The England captain had been out of action for more than a month and, in that time, we staged a memorable comeback against Ajax, where hat-trick hero Lucas Moura stole the show.

Indeed, at the time of the team sheets being revealed, some were quick to criticise Pochettino for making such a call – and those claims went on throughout the night.

But life is all about not having regrets. And leaving your star player on the bench when he’s supposedly fully-fit would have been the ultimate regret for Mauricio Pochettino.

Can you imagine the what-if scenarios had we lost without the main man up top? Opting to start with Kane and having the likes of Dele Alli and Heung Min-Son make runs off him seemed like a very good plan.

And put simply, Kane didn’t exactly have a terrible game – he was just well marshalled by the most expensive defender in the world, Virgil van Dijk. But in the moments he was alive, he was heavily involved in the build-up play for creating two chances for a misfiring Son, and had the South Korean buried either of those opportunities like he’s been doing for us this season, then there really wouldn’t have been any questions surrounding Kane’s inclusion.

Indeed, speaking after the game, the Argentine was adamant that he had made the right call despite the end result. He said (via The Independent):

“I promise, my decision involved a lot of analytics, all of the information. I don’t regret my decision.”

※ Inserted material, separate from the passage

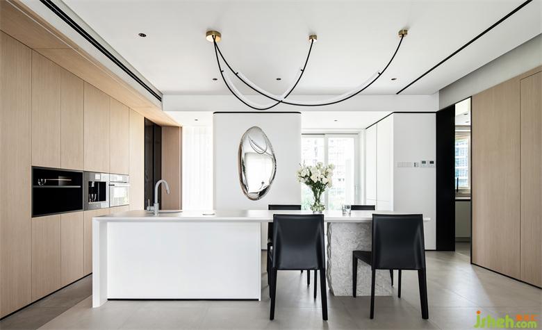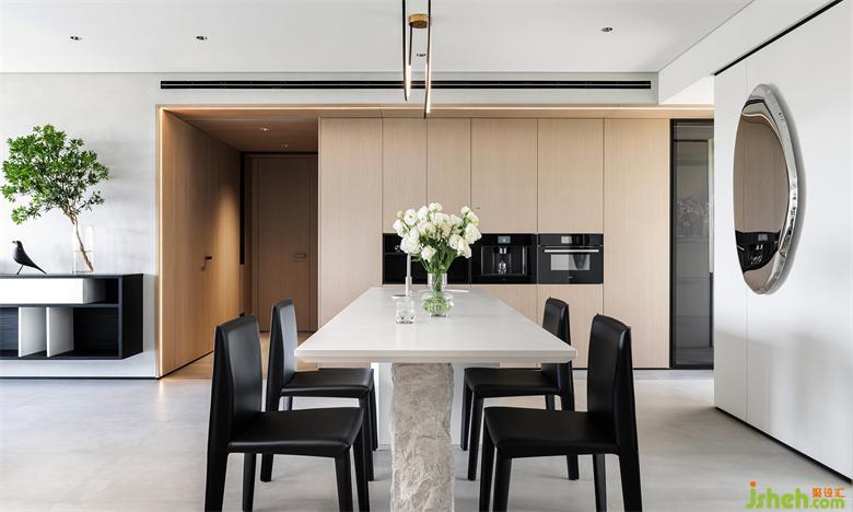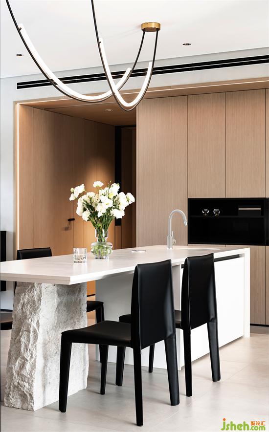 餐桌与吧台一体,纯白色的岩板桌面下是天然的石头支撑,足够长的台面,深圳家装设计丰富了原本单一的功能属性,整排储物柜则满足了公共区的收纳需求。

Of course, the whole argument will be that Pochettino would hardly admit to making a mistake; but Kane represents something even more than just being one of the world’s best strikers. Picking him in the starting line-up would have been a major boost to the rest of the guys in the line-up, seeing their talisman ready and raring to go for the side’s biggest game in history.

By starting him from the off, Pochettino’s hope would’ve been that the 25-year-old might have found it easier to get used to the rhythm of the game. Bringing him off the bench in a game as intense as a European cup final may just have completely bypassed him.  Kane has been our best player over a number of seasons now, and having him in the team would have struck Jurgen Klopp’s men with a bit of fear. The Reds would likely have built their defensive game-plan around having to deal with Lucas’ pace in-behind; seeing Kane on the team sheet just before they headed out of the tunnel would have raised the tension up a notch.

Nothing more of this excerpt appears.